◆ Goal of the exercise: From the line that contains "sans millésime |" through the closing line of the entries, write out each line exactly; pictures stay out.

[Items from a data source]
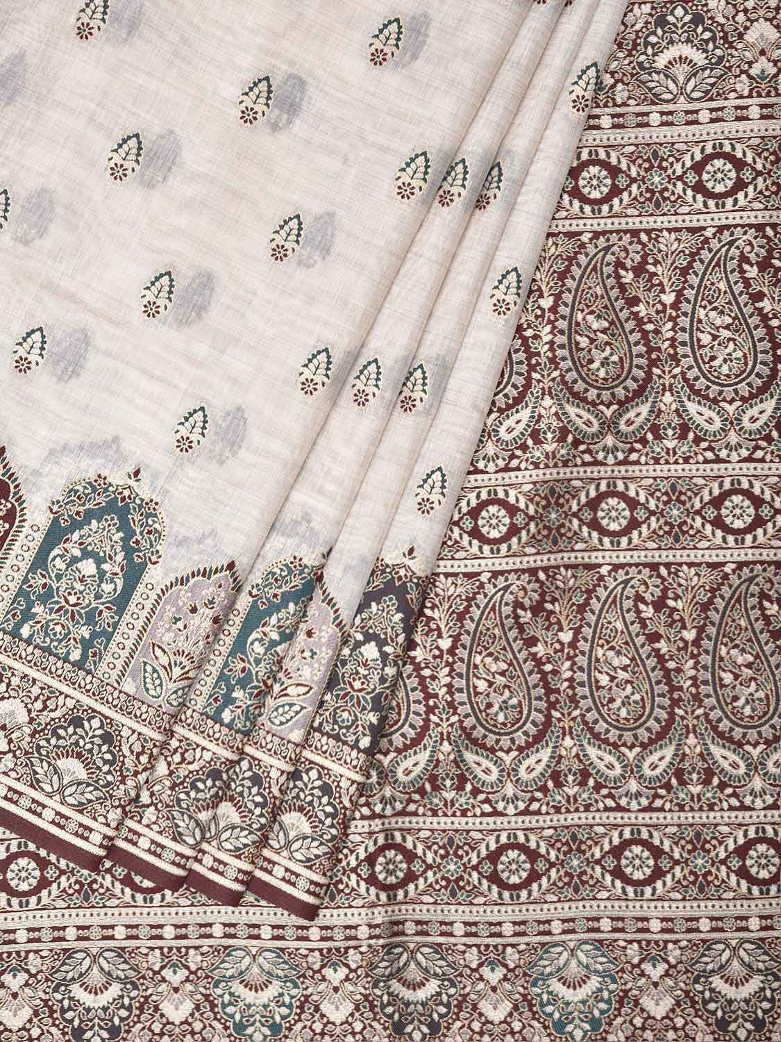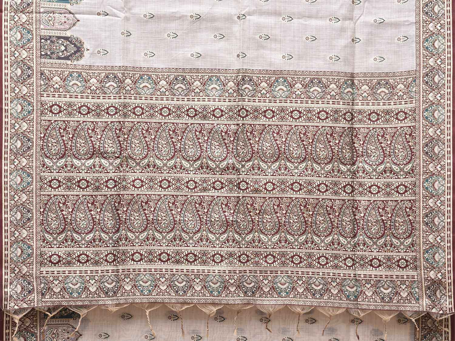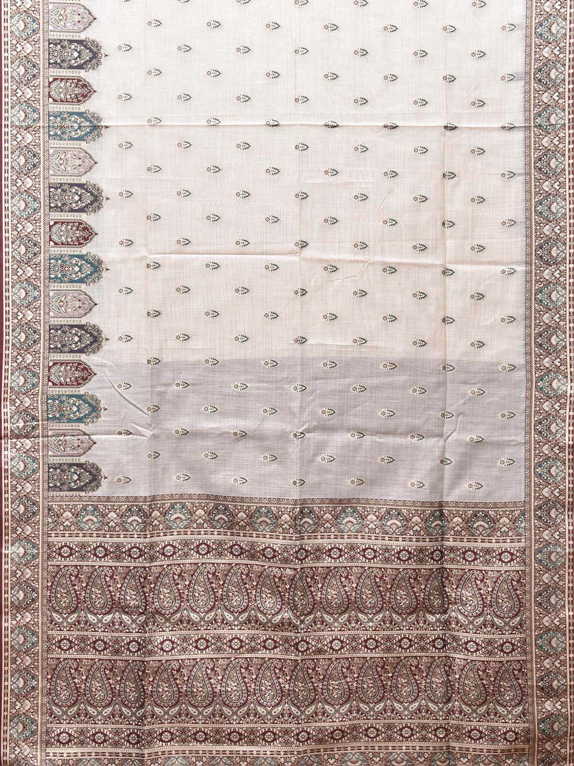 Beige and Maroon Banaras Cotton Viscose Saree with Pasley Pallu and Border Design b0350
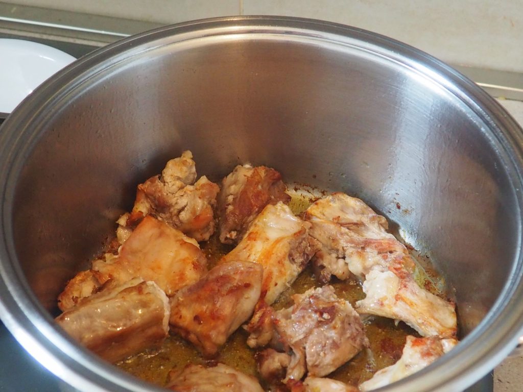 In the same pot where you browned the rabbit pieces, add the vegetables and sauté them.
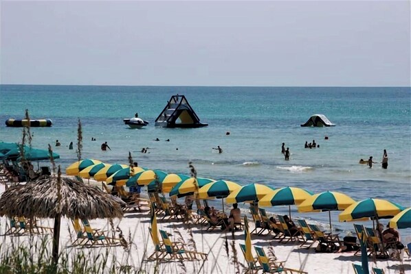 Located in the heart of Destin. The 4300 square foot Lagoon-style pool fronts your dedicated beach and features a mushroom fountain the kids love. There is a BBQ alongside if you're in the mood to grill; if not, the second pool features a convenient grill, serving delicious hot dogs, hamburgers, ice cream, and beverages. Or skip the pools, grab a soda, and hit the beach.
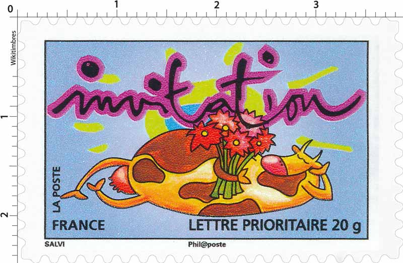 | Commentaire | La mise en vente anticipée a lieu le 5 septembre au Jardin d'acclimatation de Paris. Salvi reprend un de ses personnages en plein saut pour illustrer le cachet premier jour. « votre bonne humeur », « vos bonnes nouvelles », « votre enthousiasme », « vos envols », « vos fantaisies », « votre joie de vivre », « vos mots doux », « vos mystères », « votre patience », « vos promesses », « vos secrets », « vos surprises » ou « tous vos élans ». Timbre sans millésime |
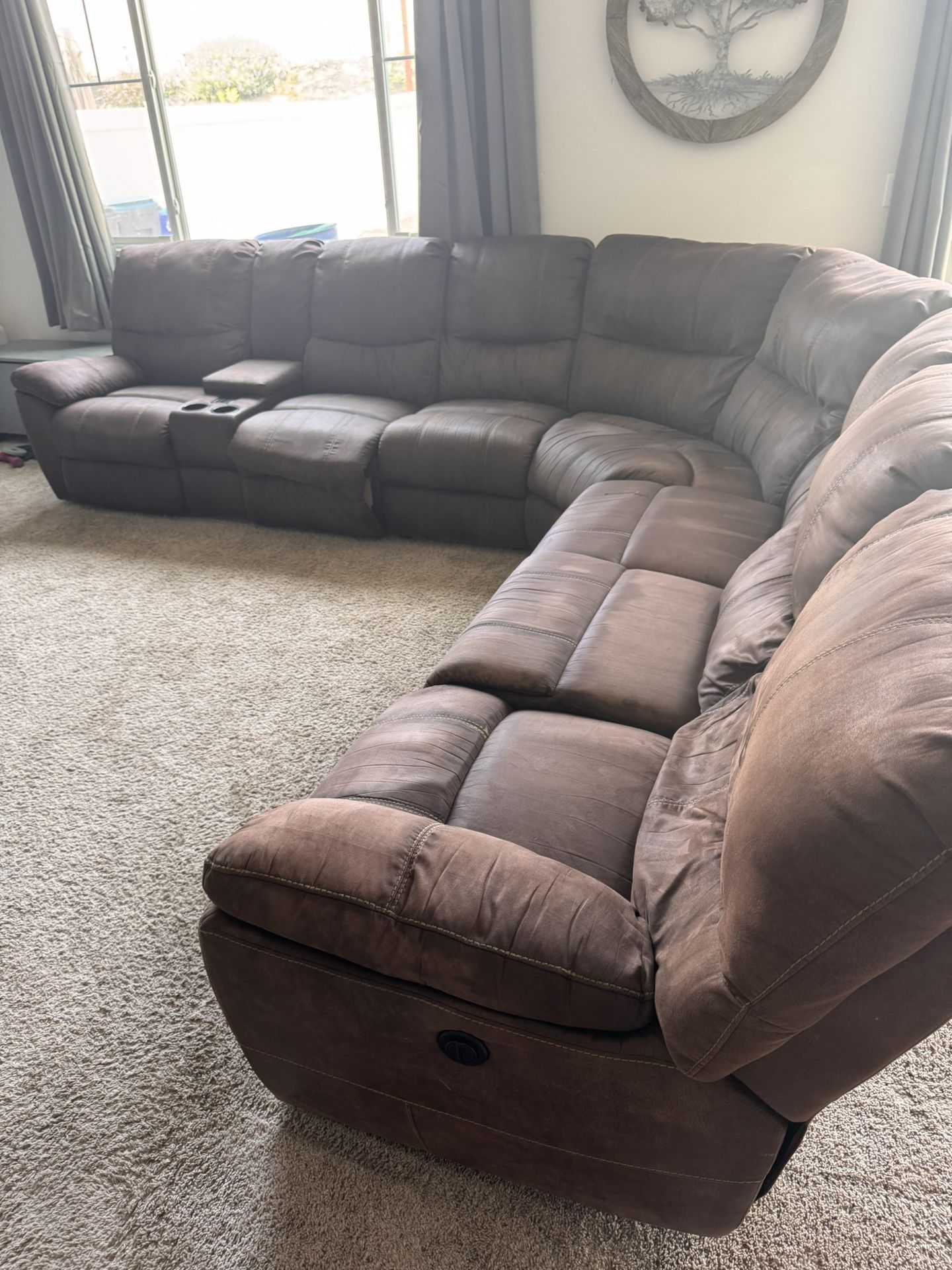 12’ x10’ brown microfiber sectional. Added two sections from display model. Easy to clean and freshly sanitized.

◆ Output below:
 | Commentaire | La mise en vente anticipée a lieu le 5 septembre au Jardin d'acclimatation de Paris. Salvi reprend un de ses personnages en plein saut pour illustrer le cachet premier jour. « votre bonne humeur », « vos bonnes nouvelles », « votre enthousiasme », « vos envols », « vos fantaisies », « votre joie de vivre », « vos mots doux », « vos mystères », « votre patience », « vos promesses », « vos secrets », « vos surprises » ou « tous vos élans ». Timbre sans millésime |
 12’ x10’ brown microfiber sectional. Added two sections from display model. Easy to clean and freshly sanitized.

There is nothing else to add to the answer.